Een klacht hierover bij de ACM van ondergetekende trof doel. De Orde kreeg te horen dat het verbod niet houdbaar was, en werd gedwongen de regels aan te passen. Voor de reputatie van de Orde was het niet best. Het gedrag versterkte het beeld van een archaïsche, in zichzelf gekeerde organisatie die wars is van vernieuwing met de rechtzoekende als slachtoffer.

Kulargumenten en juridisch verzet

Het salvo dat SRK en VVD hebben gelost is veel gevaarlijker dan het rumoer rond het provisieverbod. Vandaar dat de Orde zal terugvallen op het geijkte patroon: hakken in het zand.  Maar met alleen rigiditeit win je niemand voor je zaak, en al helemaal niet als je argumenten zwak zijn. Hoe kan je verdedigen dat dezelfde advocaten van SRK (die werken voor verzekerden) opeens niet meer onafhankelijk zouden zijn als ze werken voor niet-verzekerden? Dit is een lastige vraag waarop een goed antwoord moet komen.

Voorlopig heeft de Orde het recht wel aan haar zijde. In het zogeheten Wouters-arrest van het Europese Hof is in 2002 bepaald dat het de Orde is toegestaan om op grond van de beroepsethiek een samenwerking tussen een advocatenkantoor en een accountantsorganisatie te verbieden, in uitzondering op de mededingingsregels. 

Legal Services Act

Mocht de Orde deze weg opgaan dan bestaat een gerede kans dat Dekker geen geduld heeft voor een lang gerechtelijk traject en direct overgaat tot nieuwe wetgeving. Het lichtend voorbeeld is er al: de Legal Services Act die de Britse markt in 2011 heeft geliberaliseerd. 

Saillant detail: de wet betekende ook het einde van de Britse evenknie van de Orde van advocaten als wettelijke toezichthouder (en regelgever). Er resteert voor de Law Society slechts een rol als belangenbehartiger, als een klassieke branchevereniging dus. Reden was dat de overheid meende dat vanwege het gevaar van belangenverstrengeling een vermenging van beide rollen onwenselijk was.      

Tot zo’n revolutionair stelselwijziging komt het niet zomaar, dat weet de Orde ook. En het is de vraag wat coalitiegenoot CDA (en CDA-minister van Justitie Grapperhaus) hiervan vindt. Maar de geest is uit de fles.  

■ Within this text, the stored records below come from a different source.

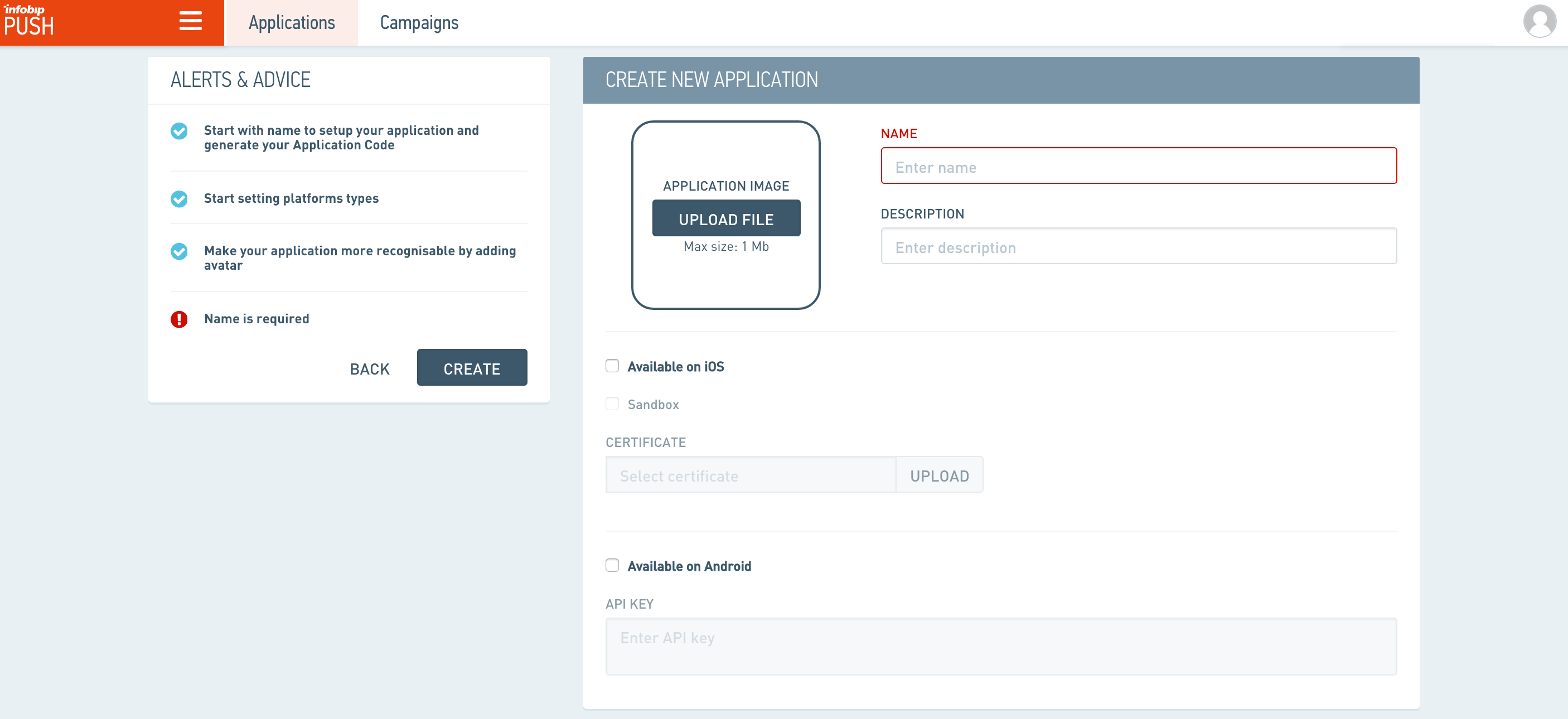 To create your Push application log into the Customer Portal and go to the Create New Application page.
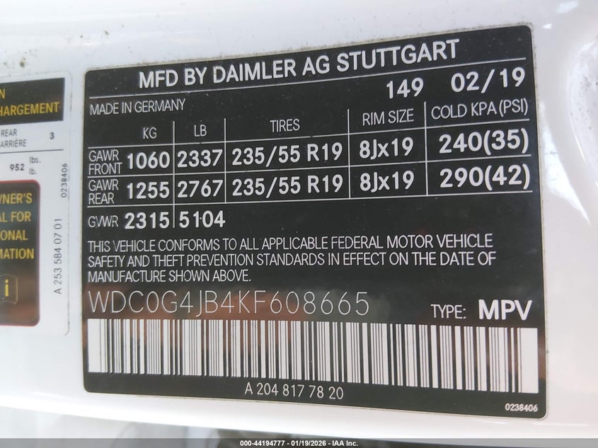 • WDC0G4JB4KF608665
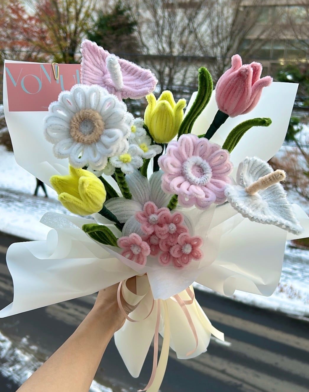 モールフラワー10本を花束にしたタイプとなります。(ラッピング込み)
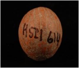 | Description / विवरण | Terracotta sling ball with Incised lines on surface. |
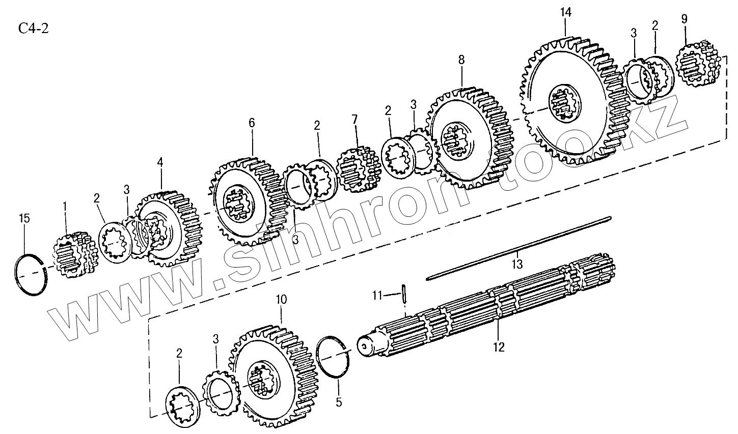 Каталог запасных частей к технике: HOWO Sinotruck (полный). 9JS150T MAIN SHAFT (C4-2)

Vrijgelaten door de VVD nota bene, die eindelijk de belangen van het MKB vooropstelt. 

Over de auteur

Ik ben oprichter van LegalDutch, een vernieuwend marketingplatform voor advocaten. Met mijn ervaring als journalist (ex-FD) en juridische achtergrond help ik advocaten nieuwe klanten te bereiken met content marketing: effectief geschreven blogs die de doelgroep raken en scoren in Google. Ik geef workshops, breng advocaten in het nieuws en denk mee bij contentcreatie. Email: janhein@legaldutch.nl.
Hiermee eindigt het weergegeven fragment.